To further investigate the mechanism responsible for defective proliferation and differentiation and acquisition of the senescent phenotype, we performed a transcriptome analysis of mutant and control cells after 3 days of culture. This analysis first confirmed the senescent phenotype (decrease of transcription processes and acquisition of irreversible heterochromatin domain, secretion of inflammatory cytokines), together with the absence of differentiation. It also revealed a major de-regulation of the oxidative stress pathway (decrease/increase of a subset of antioxidant enzymes, and alteration of the metabolic activity), suggesting an increase of the intracellular redox activity. Quantification of this activity by immunofluorescence and flow cytometry showed a massive increase of ROS levels in mutant cells, both ex vivo after 4 days of culture, and in vivo in purified satellite cells 3 and 4 days after injury. As excessive levels of ROS have been shown to induce DNA damage, we investigated for such damages in mutant cells. Immunofluorescence analysis using markers of oxidized DNA revealed extensive DNA damage in double mutant cells. Treatment of mutant cells with N-acetyl-cysteine, a powerful antioxidant completely prevented DNA damage, and rescue the complete differentiation.

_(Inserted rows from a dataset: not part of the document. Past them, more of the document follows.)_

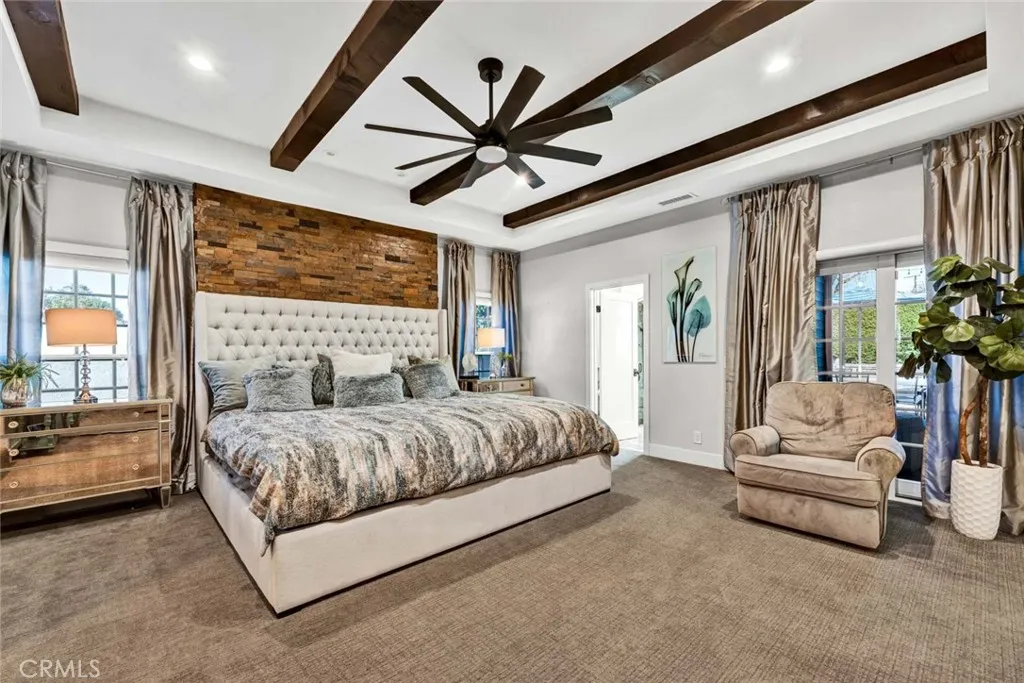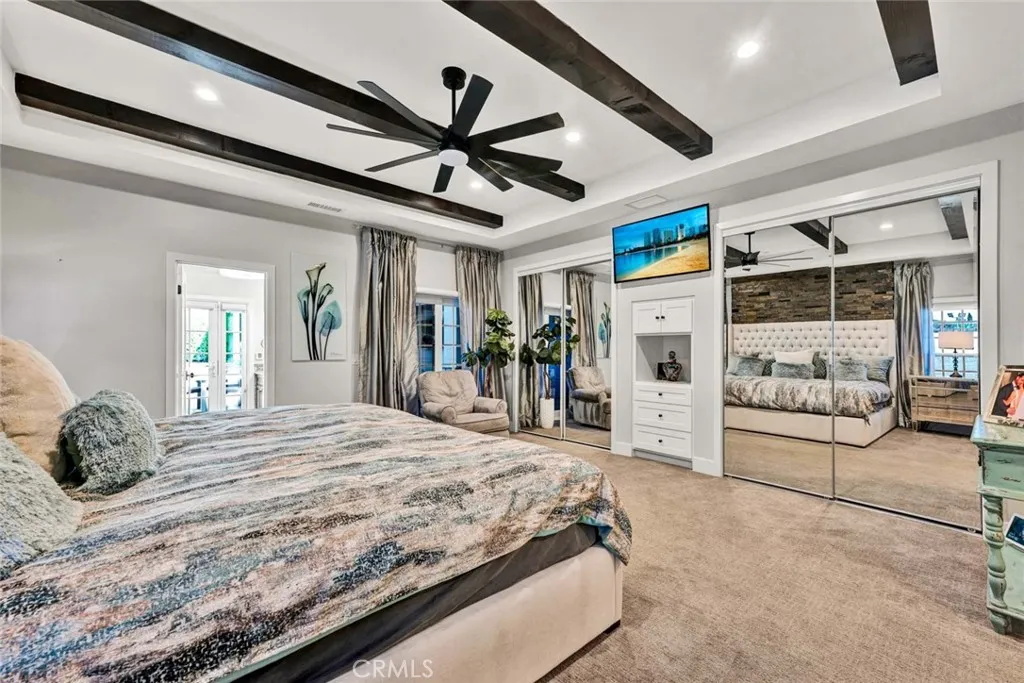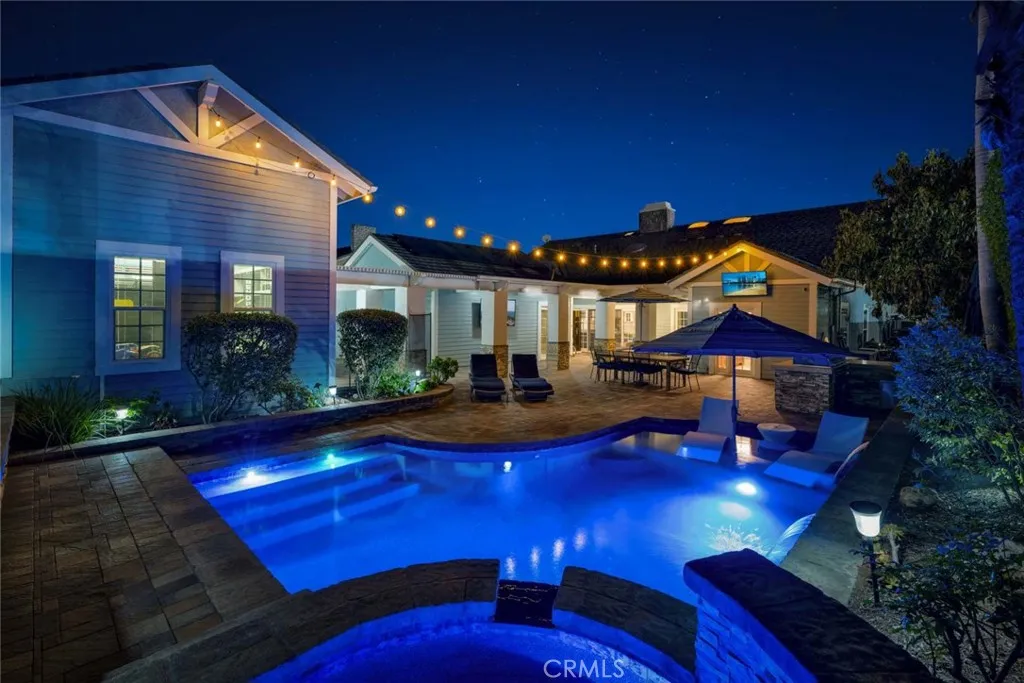 Welcome to 17525 Sunwest Circle, a Custom Estate Nestled on a Sought After Cul-De-Sac in the Heart of Yorba Linda. This Fully Remodeled Smart Home Lives as a Single Level Home with Five Bedrooms (Three Main Floor Bedrooms Including the Primary), Four Full Bathrooms, 100% Owned Solar, Extra Long Paver Driveway, Detached RV/Car Garage with Lift, and a Resort-Style Backyard. Upgrades Include Dual Pane Windows, Metal Roof, Built-In Speaker System, Custom Staircase, New Ducting, New Doors, Custom Closet Systems, Whole House Reverse Osmosis & Water Softener, and Much More! As You Enter the Home, You are Greeted by a Custom Stone Entry and an Expansive Living Room with an Abundance of Natural Light Overlooking the Front Yard. Enjoy a Gourmet Kitchen with Granite Counters, Island with Seating, Custom Cabinetry with Pull-Out Drawers, Stainless Steel Appliances, and Dining Area. The Bar Sits Adjacent to the Kitchen and Enjoys a Wood-Beamed Ceiling and Quartzite Counters. The Spacious Family Room Boasts a Wood-Beamed Ceiling, Built-Ins, Stone Fireplace, Backyard Access, and Opens Directly to the Kitchen. The Luxurious Master Suite Provides a Walk-In Closet with Built-Ins, Additional His/Hers Mirrored Closets, Wood-Beamed Ceiling, and Stacked Stone Accent Wall. The Spa-Like En-Suite Bath Has Dual Vanities, Makeup Vanity, Backyard Access, and Frameless Glass Walk-In Shower with Dual Heads. The Entertainers Backyard is a True Oasis, Featuring a PebbleTec Pool/Spa, Waterfall, Baja Shelf, Pavers, Two Mounted TVs, Covered Patio with Heaters, Pergola, Turf, Built-In BBQ, Fruit Trees (Orange/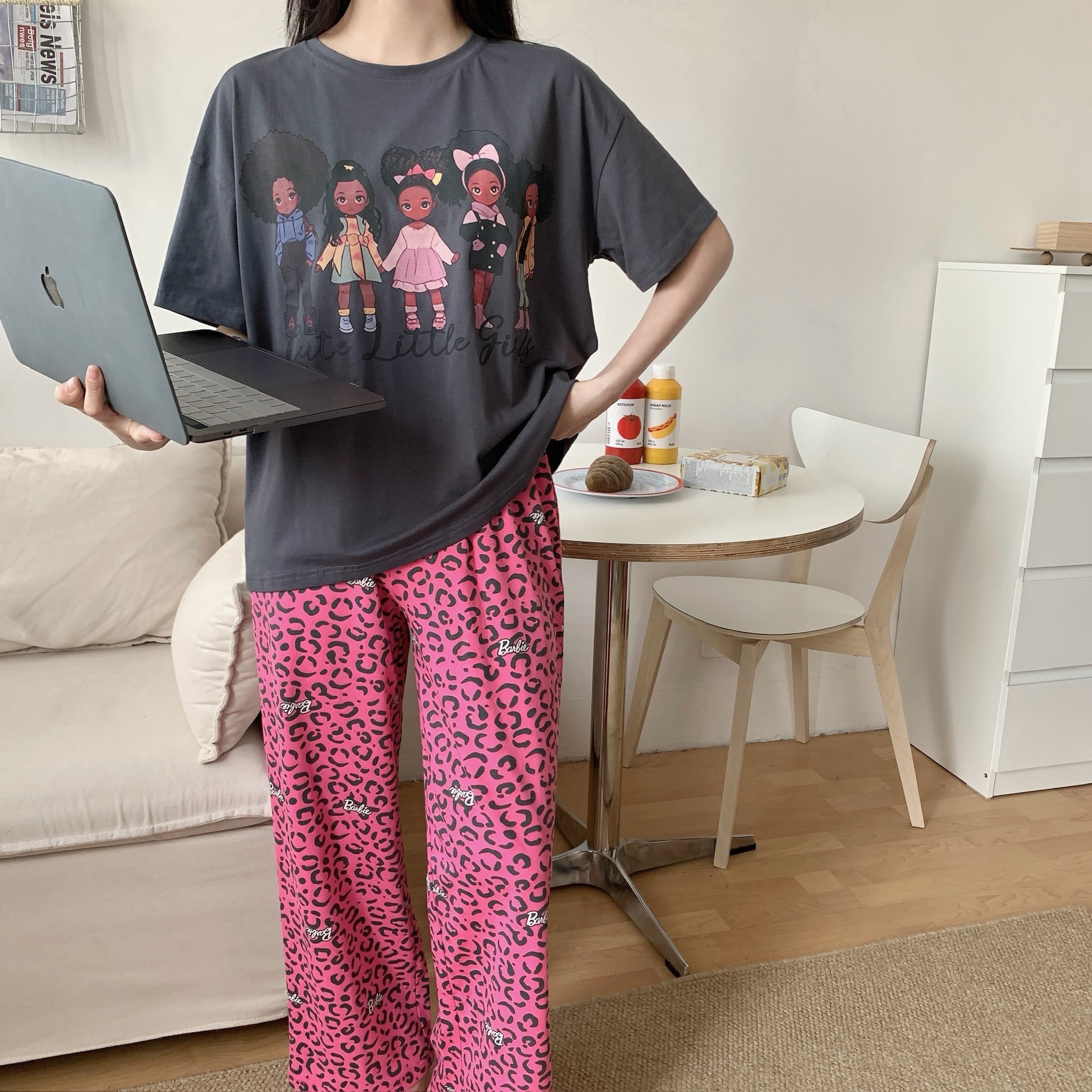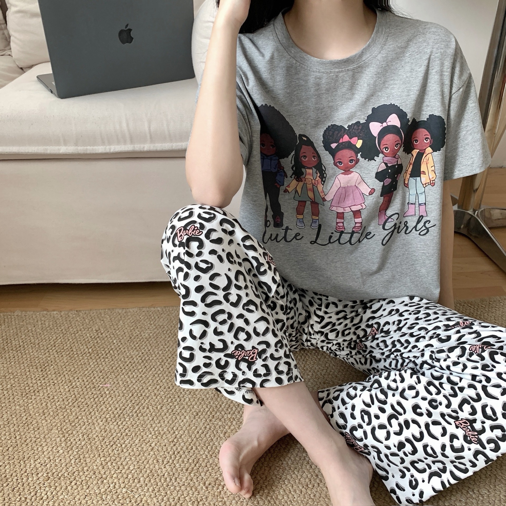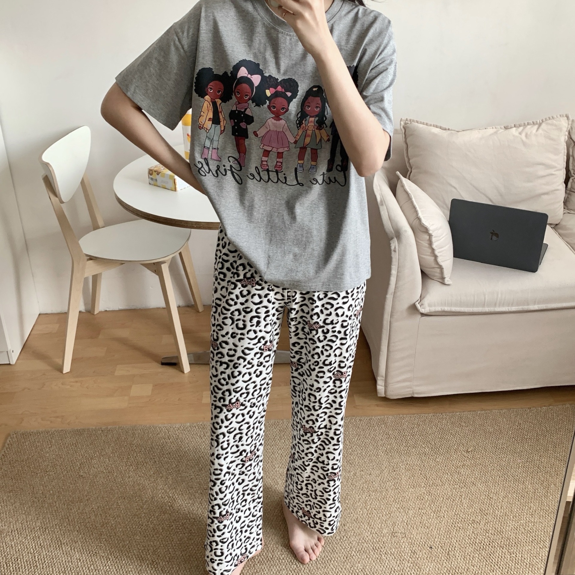 아프리카 소녀 인쇄 둥근 목 순면 짧은 소매 바지 홈 세트 여름 통기성 편안한 외주스토어 가기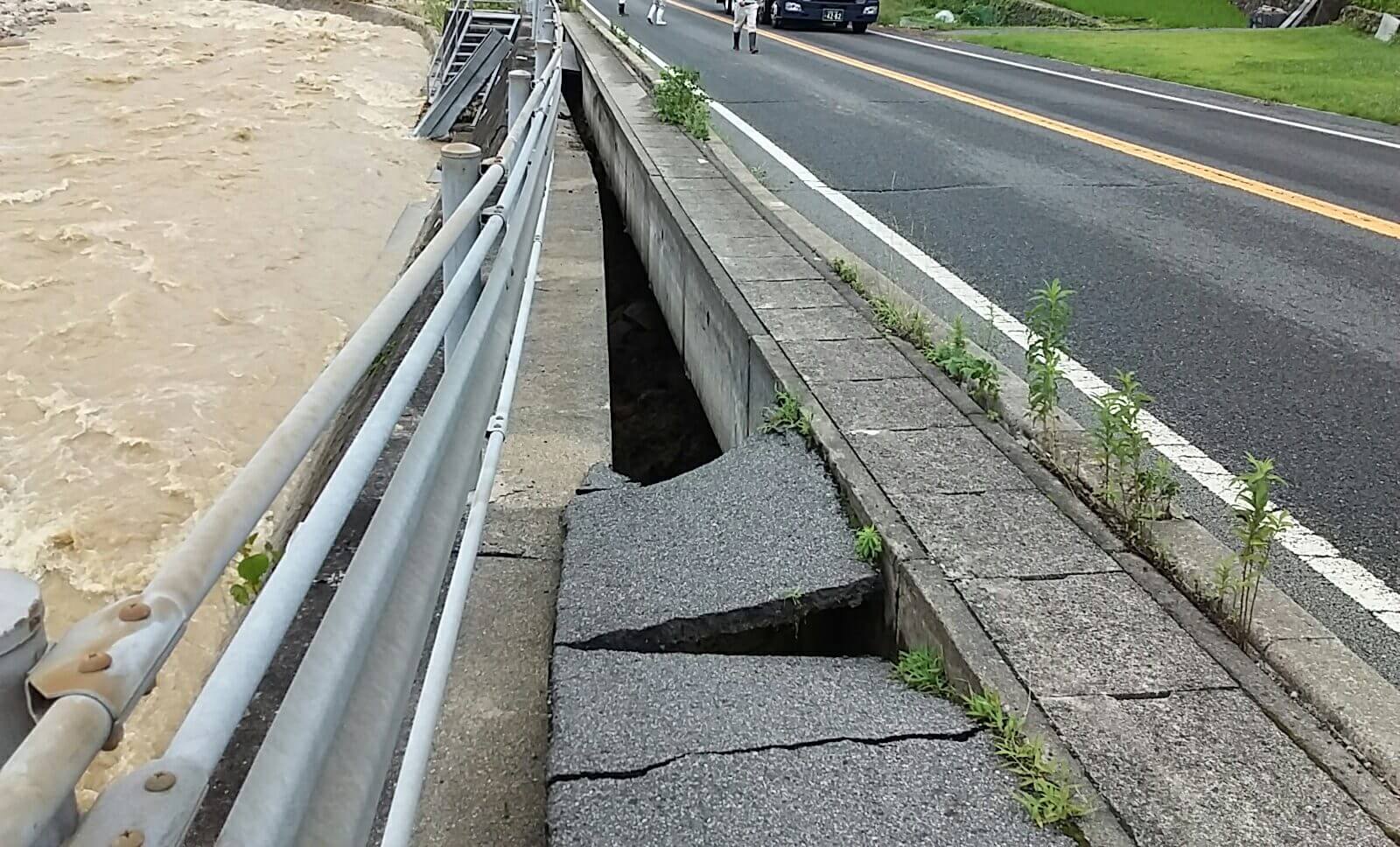 豪雨の影響により、瀬野川護岸が川底より浸食されたことから、並行して走る国道2号の車道や歩道の一部が陥没しています。 |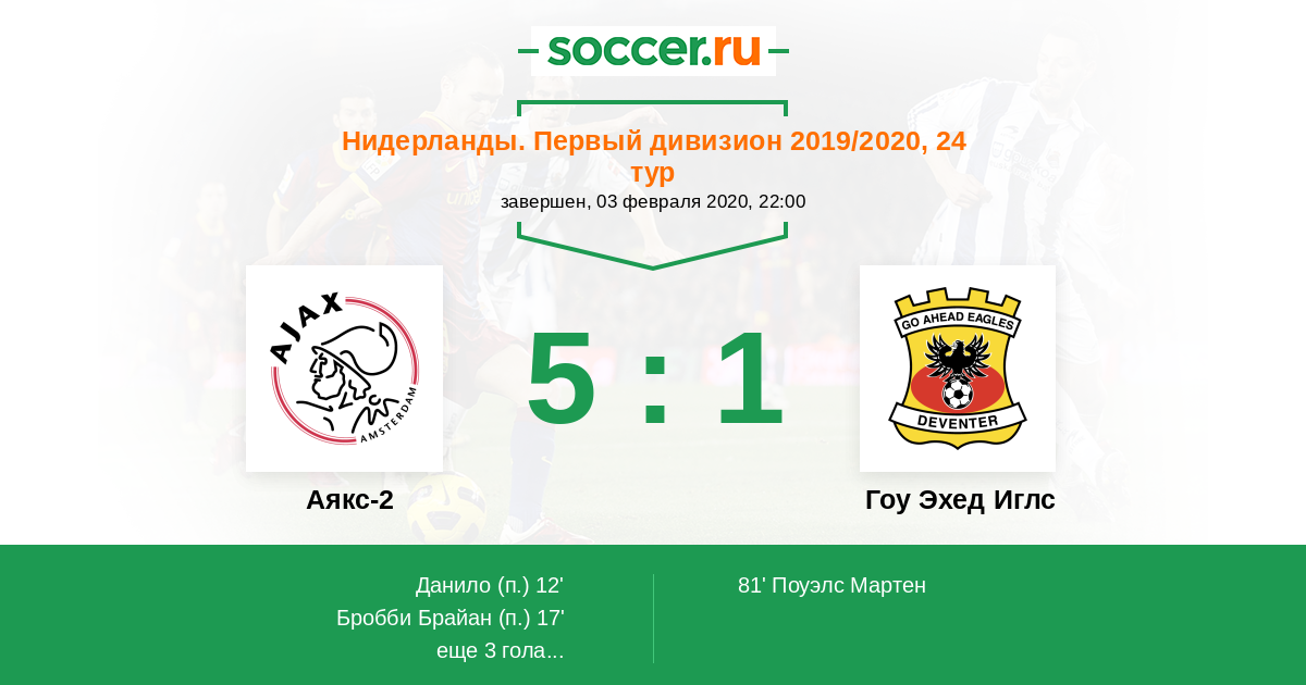 Протокол матча Аякс-2 против Гоу Эхед Иглс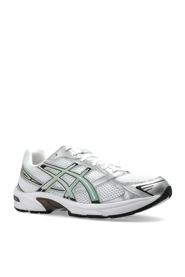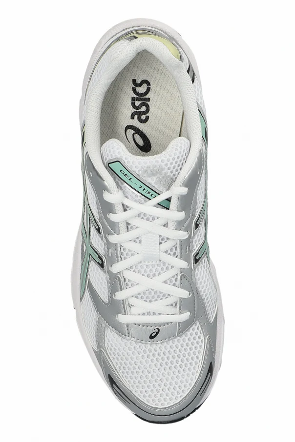 Das Obermaterial aus weißem Mesh garantiert außergewöhnliche Atmungsaktivität, während zahlreiche Overlays aus Kunststoff und dezent schimmerndem Material in silbernen und hellgrünen Tönen ein außergewöhnliches Muster erzeugen. Das seitliche Asics-Logo in harmonischen Grau-Grün-Nuancen sowie die Modellbezeichnung "GEL-1130" an der Ferse unterstreichen den anspruchsvollen Charakter des Produkts.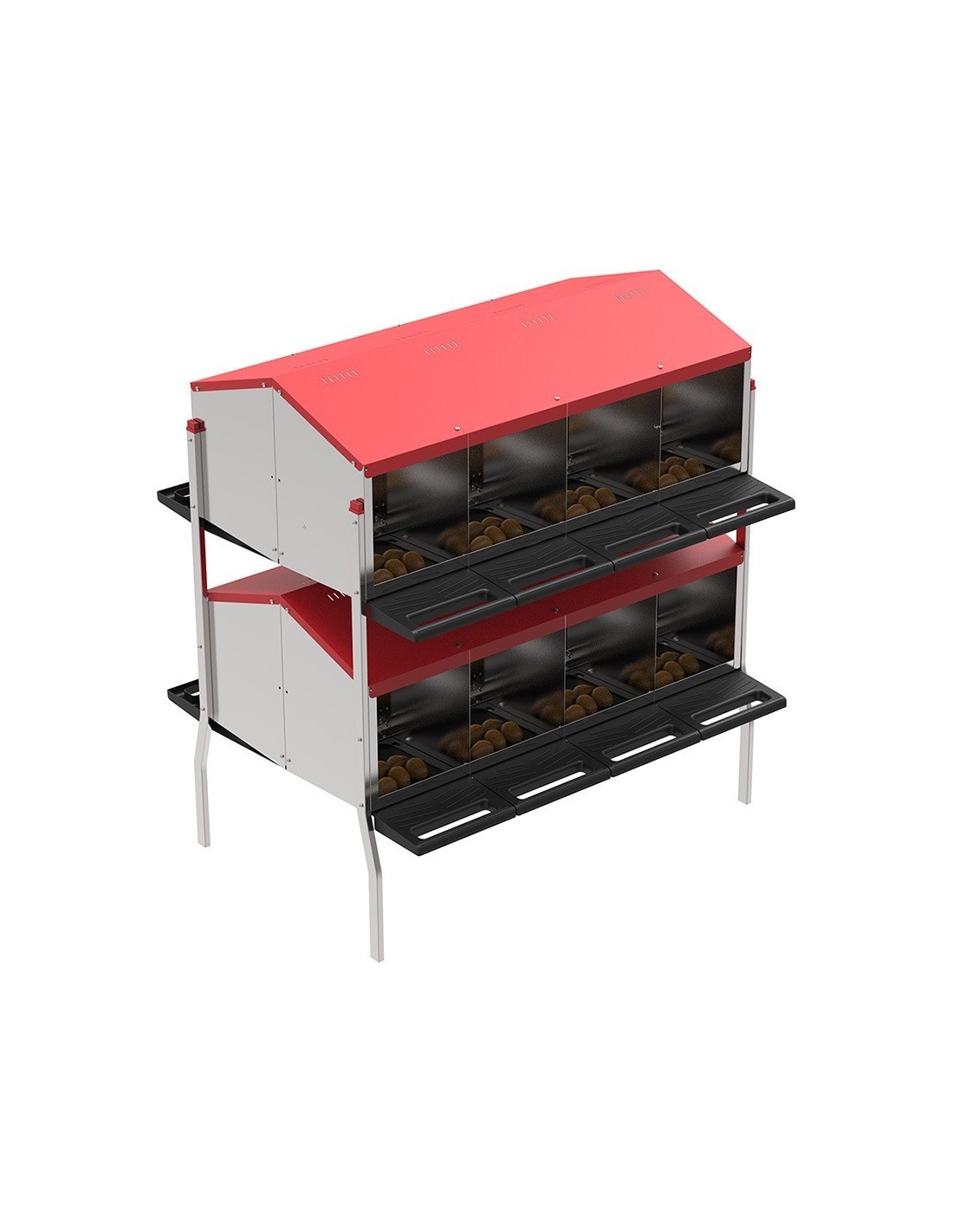 Este módulo, con dos niveles y dieciséis departamentos, está diseñado para proporcionar un entorno cómodo y seguro para que tus gallinas aniden.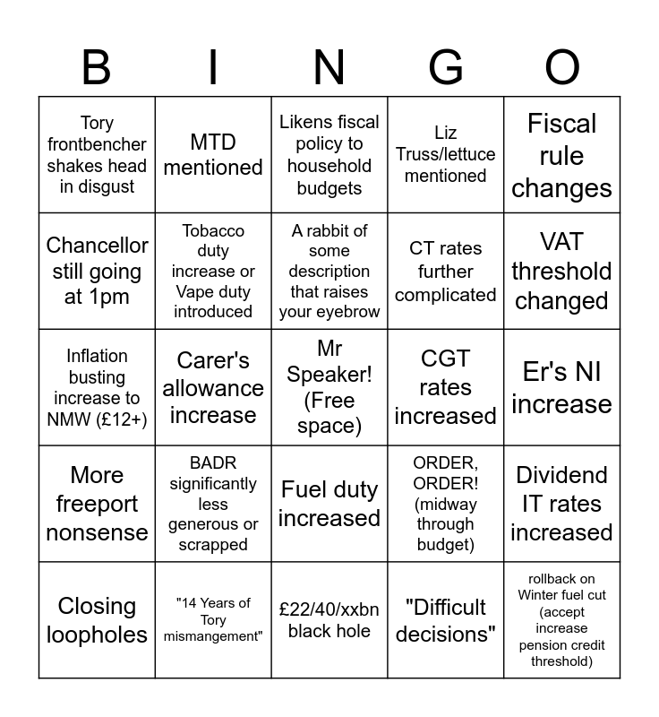 This bingo card has a free space and 24 words: BADR significantly less generous or scrapped, "14 Years of Tory mismangement", A rabbit of some description that raises your eyebrow, Closing loopholes, Fiscal rule changes, Tory frontbencher shakes head in disgust, Chancellor still going at 1pm, MTD mentioned, CGT rates increased, Fuel duty increased, CT rates further complicated, Inflation busting increase to NMW (£12+), ORDER, ORDER! (midway through budget), Dividend IT rates increased, Tobacco duty increase or Vape duty introduced, "Difficult decisions", Er's NI increase, Likens fiscal policy to household budgets, VAT threshold changed, Carer's allowance increase, rollback on Winter fuel cut (accept increase pension credit threshold), More freeport nonsense, Liz Truss/lettuce mentioned and £22/40/xxbn black hole.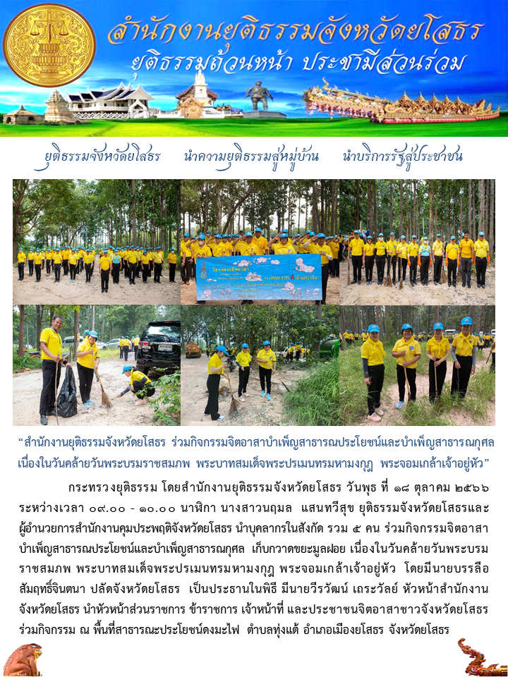 วันที่ 18 ต.ค. 2566 (12:56 น.)กระทรวงยุติธรรม โดยสำนักงานยุติธรรมจังหวัดยโสธร วันพุธ ที่ 18 ตุลาคม 2566 ระหว่างเวลา 09.00 - 10.00 นาฬิกา นางสาวนฤมล แสนทวีสุข ยุติธรรมจังหวัดยโสธรและผู้อำนวยการสำนักงานคุมประพฤติจังหวัดยโสธร นำบุคลากรในสังกัด รวม 5 คน ร่วมกิจกรรมจิตอาสาบำเพ็ญสาธารณประโยชน์และบำเพ็ญสาธารณกุศล เก็บกวาดขยะมูลฝอย เนื่องในวันคล้ายวันพระบรมราชสมภพ พระบาทสมเด็จพระปรเมนทรมหามงกุฎ พระจอมเกล้าเจ้าอยู่หัว โดยมีนายบรรลือ สัมฤทธิ์จินตนา ปลัดจังหวัดยโสธร เป็นประธานในพิธี มีนายวีรวัฒน์ เถระวัลย์ หัวหน้าสำนักงานจังหวัดยโสธร นำหัวหน้าส่วนราชการ ข้าราชการ เจ้าหน้าที่ และประชาชนจิตอาสาชาวจังหวัดยโสธร ร่วมกิจกรรม ณ พื้นที่สาธารณะประโยชน์ดงมะไฟ ตำบลทุ่งแต้ อำเภอเมืองยโสธร จังหวัดยโสธร

Similarly, analysis of Pitx2flox/flox;Pitx3flox/flox;Pax7CRE-ERT2/+;mdx muscles by immunofluorescence revealed extensive DNA oxidation. Mutant mice treatment with NAC not only prevented DNA damage and aggravation of the dystrophic phenotype, but also completely rescued life expectancy of Pitx2flox/flox;Pitx3flox/flox;Pax7CRE-ERT2/+;mdx mice.
Taken together, these results demonstrate an essential role of Pitx2 and Pitx3 in the regulation of the intracellular redox activity. In their absence, mutant cells accumulate excessive levels of Reactive Oxygen Species (ROS) leading to DNA damage and senescence. A manuscript is currently under preparation.